To represent sub‐millimeter mechanical degradation and to evaluate the minimum wear detectable by each QA method, four T‐nuts from each MLC bank were abraded with 180‐ and 320‐grit sandpaper to wear levels of 0.5, 0.8, 1.0, and 1.2 mm. Wear depths were periodically measured throughout the abrasion process using a digital Vernier caliper (Mitutoyo 530‐181, Japan). To account for surface non‐uniformity resulting from manual abrasion, measurements were performed at four different points on each T‐nut surface. Scanning electron microscopy (SEM) was used to compare unworn and worn T‐nuts and to visualize the extent of surface wear (Figure 1a).

FIGURE 1.

FIGURE 1

Scanning electron microscopy (SEM) images of mechanical wear in MLC T‐nuts: (a) external surfaces of quarter‐width (top) and half‐width (bottom) leaf T‐nuts, illustrating worn (right) and non‐worn (left) surfaces. (b) Internal thread structures of T‐nuts, contrasting intact (top) with worn (bottom) components. Dashed red outlines indicate worn regions. MLC, multileaf collimator.

2.2.2. Drive screw thread wear

To simulate thread wear, a spare drive screw was mounted on a variable‐speed drill and inserted into two selected T‐nuts, then repeatedly rotated in both directions to abrade the internal threads. The extent of drive screw thread wear was evaluated using a backlash test in the system service mode, which estimates the mechanical clearance from motor‐count differences during directional changes, yielding values of 0.18 ± 0.06 mm for unworn T‐nuts and 0.46 ± 0.13 mm for worn T‐nuts. SEM images of unworn and worn threads are shown in Figure 1b.
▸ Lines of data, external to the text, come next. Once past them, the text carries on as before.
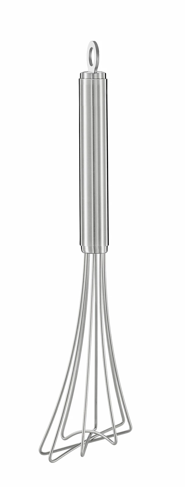 Mit dem 27cm langen Gourmetbesen aus der Küchenhelferkollektion von Rösle können Sie ganz leicht geschmeidigen Teig herstellen. Die besondere Form der stabilen Schlaufen erlaubt es Ihnen, in jede Ecke und Kurve zu gelangen, sodass alle Zutaten verarbeitet werden. Auch in Töpfen und Pfannen, wo andere Schneebesen Schwierigkeiten haben. Ideal für die Zubereitung von Saucen!
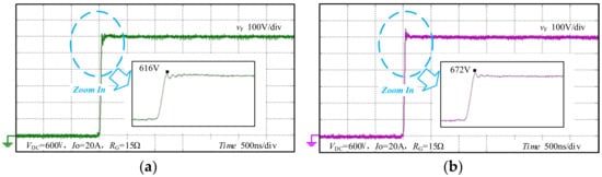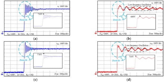 Figure 10 shows the experimental waveforms without and with capacitor CDE, in which capacitor CDE is the multilayer ceramic capacitor and CDE = 100 nF. In Figure 10a,b, the turn-off voltage of the SiC diode is presented. In Figure 10c,d, the turn-off voltage of the SiC MOSFET is presented. Compared to results in Figure 10a,c, without capacitor CDE, the turn-off overvoltage of the SiC diode and SiC MOSFET reduces obviously in Figure 10b,d. However, it is shown that the low-frequency oscillation overlays the high-frequency oscillation on the turn-off voltage of the SiC diode and SiC MOSFET.
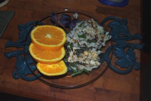 First of all, we had some left-overs (Anthropologically – Hunters and Gathers) so Robin made a very good dish. Pictured above is Halibut with Beurre Blanc and Rice with Almonds and String Beans. A good wine went well with this – a 2006 Casa Castillo Jumilla.
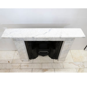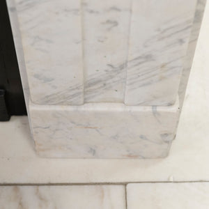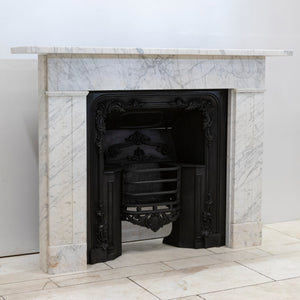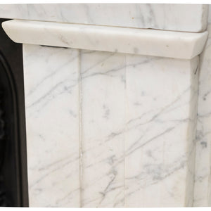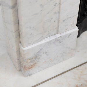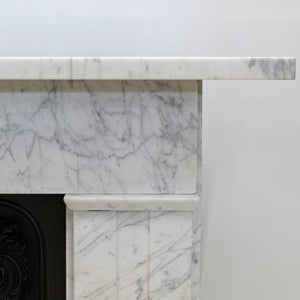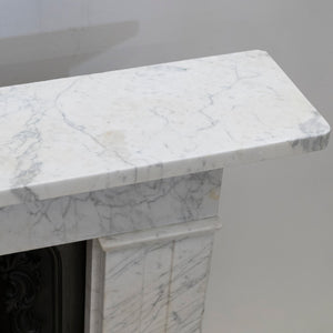 A refined and beautifully proportioned antique Georgian fireplace surround, carved from Italian, Carrara marble with elegant grey veining throughout. Understated and architectural, this is a classic Georgian design that relies on proportion rather than heavy ornamentation.
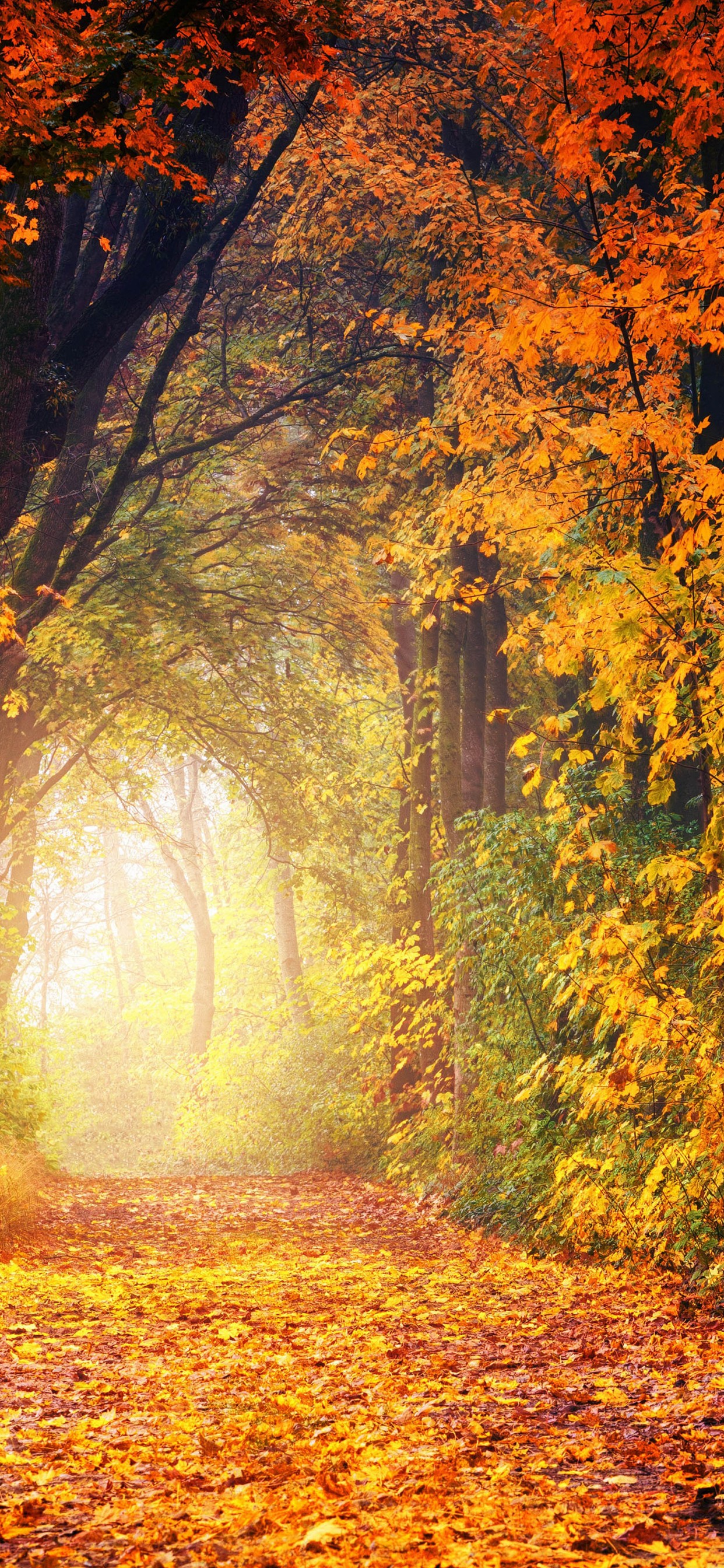 Forest Path Orange Autumn Leaves Wallpaper - 1242x2688
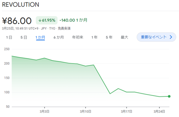 ところが、レボリューションは初回優待実施を目前に控えた2025年3月上旬、「株主優待の廃止」を突如として発表した。通常、優待導入を決める際は少なくとも半年〜1年程度は実施したうえで内容やコストを再検討するのが通例であり、導入前に廃止となるケースは異例中の異例だ。
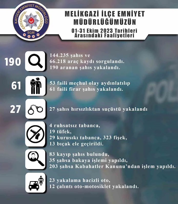 Edinilen bilgiye göre 1-31 Ekim tarihleri arasında yapılan çalışmalarda; 144 bin 235 şahıs ve 66 bin 218 araç kaydı sorgulandı. 190 aranan şahıs, 23 yakalama hacizli oto, 12 çalıntı oto-motosiklet yakalandı. Çalışmalarda 53 faili meçhul olay aydınlatılırken 61 faili firar şahıs da yakalandı. 27 şahıs hırsızlıktan suçundan ekiplerce suçüstü yakalandı. Ayrıca çalışmalarda; 83 kayıp şahıs bulundu, 35 şahsa bakaya işlemi yapıldı, 203 şahsa Kabahatler Kanunu’ndan işlem yapıldı.
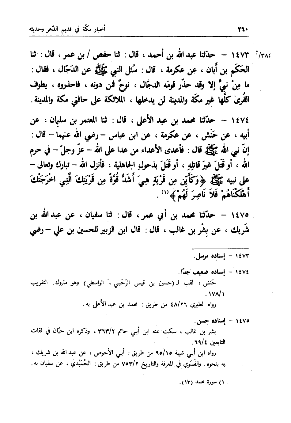 1516 - حَدَّثَنَا سَعِيدُ بْنُ عَبْدِ الرَّحْمَنِ، وَمُحَمَّدُ بْنُ أَبِي عُمَرَ، قَالَا: ثنا هِشَامُ بْنُ سُلَيْمَانَ، عَنِ ابْنِ جُرَيْجٍ قَالَ: أَخْبَرَنِي عَبْدُ اللهِ بْنُ عُثْمَانَ بْنِ خُثَيْمٍ، عَنْ مُحَمَّدِ بْنِ الْأَسْوَدِ بْنِ خَلَفٍ أَنَّهُ أَخْبَرَهُ " أَنَّ §إِبْرَاهِيمَ عَلَيْهِ الصَّلَاةُ وَالسَّلَامُ هُوَ أَوَّلُ مَنْ نَصَبَ الْأَنْصَابَ لِلْحَرَمِ، أَشَارَ لَهُ جِبْرِيلُ عَلَيْهِ السَّلَامُ إِلَى مَوَاضِعِهَا " قَالَ: وَأَخْبَرَنِي أَيْضًا أَنَّ النَّبِيَّ صَلَّى اللَّهُ عَلَيْهِ وَسَلَّمَ أَمَرَ يَوْمَ الْفَتْحِ تَمِيمَ بْنَ أَسَدٍ جَدَّ عَبْدِ الرَّحْمَنِ بْنِ الْمُطَّلِبِ بْنِ تَمِيمٍ، فَجَدَّدَهَا
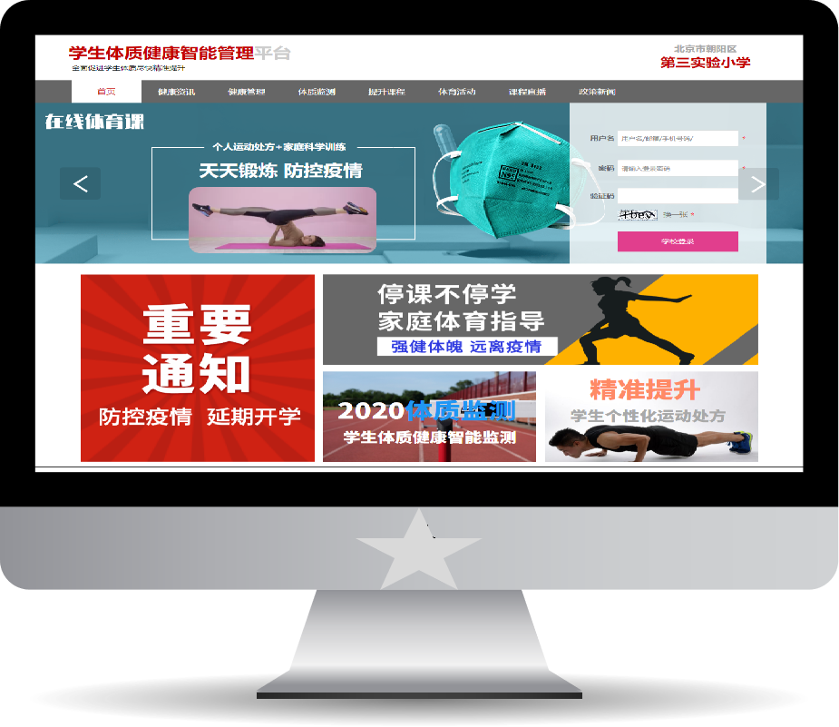 產品詳細介紹 一、產品亮點:【停課不停練】【學校體育空中課堂】【學生體質健康智能管理】【家庭訓練打卡監控】【體育教師自編課程上傳】【學生體質健康檔案及精準分析報告】【體育成績提升計劃】【學生健康科學防控】【體育教學】【智慧校園之智慧體育】【體育教學】【疫情防控平臺】【近視防控】 二、系統組成:學校線上智能健康管理平臺(WEB)+教師管理端(小程序)+學生家長端(小程序) 三、平臺軟件介紹: 針對目前新冠肺炎疫情,【智動云體】平臺為學校提供體育課程的“停課不停學”線上定制方案,滿足家庭體育健康和管理需求。 【智動云體】是國內領先的青少年體質健康精準提升平臺;平臺通過“人工智能+健康大數據+云計算” 技術體系為依托,以“青少年體質健康精準提升”為目標,為各級學校和教育管理部門提供滿足青少年體質健康發展需求的“精準監測、精準分析、精準提升、精準預防”智能運動健康解決方案;能夠迅速為學校和教育部門搭建線上體育及健康平臺,滿足學校對學生體育運動監管及健康風險防控需求。 平臺為學校和教育管理部門提供精準數據分析服務和體育內容服務,能夠給學校管理者、各個年(班)級和各位老師提供精準的數據分析報告;也能夠滿足上級管理部門針對學生體質健康數據的要求;同時通過“家校互通”的方式,為每個學生提供精準的數據分析報告和運動處方,滿足學生體質健康提升需求。 平臺擁有600+課程體系,依托百萬青少年健康大數據生成精準算法,針對學生體質健康問題及中考和高考體育考試薄弱項、學生興趣體育項目等需求,給出一對一科學訓練及精準提升解決方案; 【智動云體】線上體育與健康管理平臺,是學校的智能管理工具,是教師的體育教學與健康監控助手,是學生個人的虛擬運動教練。 平臺為學校和各級教委提供快速定制化解決方案。

2.2.3. Motor performance degradation

To simulate motor performance degradation, two leaf motors previously retired from clinical service were utilized. The performance of these units was quantitatively characterized via pulse width modulation (PWM) measurements acquired in the system service mode (four acquisitions per motor). The retired units were confirmed to be degraded, with a mean PWM of 18.1 ± 3.4% and maximum values exceeding the manufacturer's operational limit of 20.0%. In contrast, clinically functional motors demonstrated a lower mean PWM of 10.7 ± 0.6%, with maximum values not exceeding 14.0%.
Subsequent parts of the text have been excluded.